Yaklaşık 3,5 metre uzunluğunda ve 250 kilogram ağırlığında olduğu hesaplanan K. atrox’un güçlü çeneleri ve tırtıklı dişleri, iri avların etini parçalamaya uygun yapıya sahipti.
Paleontologlar, hayvanın hem karada hem de sulak alanlarda avlandığını, otçul dinozorları kolayca alt edebildiğini belirtiyor.
Fosil, Mart 2020’de bir dinozor kazısı sırasında bulundu. Kuyruk ve bazı uzuvlar dışında neredeyse tam iskelet elde edildi.
Kafatasındaki dişlerin hâlâ mine tabakasını koruduğu dikkat çekti. Bu, şimdiye kadar bölgede bulunan en eksiksiz peirosaurid crocodyliform fosili oldu.
Araştırmacılar, K. atrox’un günümüz timsahlarına benzeyen duruşuna rağmen bazı farklılıklar taşıdığını aktarıyor.
Burun delikleri öne bakıyordu, gözler ise kafatasının yan tarafındaydı. Modern timsahlarda ise burun ve gözler daha yukarıda konumlanıyor; bu sayede avlarını sudan gizlenerek takip edebiliyorlar.
Bilim insanları, farklı dönemlerde yaşamış timsah akrabalarının benzer vücut yapıları geliştirmesini “yakınsak evrim” örneği olarak değerlendiriyor.

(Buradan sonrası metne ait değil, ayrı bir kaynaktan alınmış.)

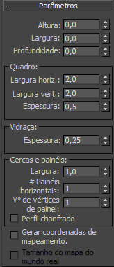 Chanfra as cercas entre os painéis vidrados, como numa janela de madeira convencional. Quando o Perfil chanfrado está desativado, as cercas têm um perfil retangular.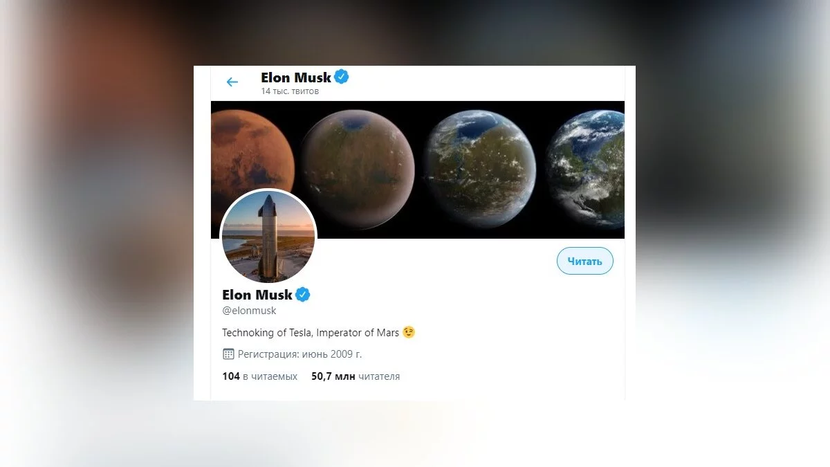 В Twitter-аккаунте Маска появилась небольшая приписка, сообщающая о том, что Маск теперь император планеты Марс:

Yani birbirine uzak türler, benzer yaşam koşulları nedeniyle benzer özellikler kazanabiliyor.
K. atrox ve benzeri iri etçil türler, Kretase’nin sonunda yaşanan kitlesel yok oluşta hayatta kalamadı. Araştırmacılar, bu durumun hayvanın “hiperetçil” beslenme tarzıyla bağlantılı olabileceğini düşünüyor.
Daha küçük boyutlu ve çeşitli besinlerle yetinebilen timsah türleri ise günümüze kadar yaşamını sürdürmeyi başardı.
Bilim insanları, K. atrox’un dişlerinden izotop bilgisi elde ederek yaşam alanı ve beslenme alışkanlıklarını araştırmayı planlıyor.
Ayrıca kemik yapısının incelenmesiyle büyüme hızı, yaş ve olası hastalıklar hakkında daha fazla bilgi edinilebileceği belirtiliyor.
Uzmanlara göre, Patagonya’da bulunan bu olağanüstü fosil, antik timsah akrabalarının evrimi ve ekosistemdeki rolüne dair yeni sırları önümüzdeki yıllarda ortaya çıkarabilir.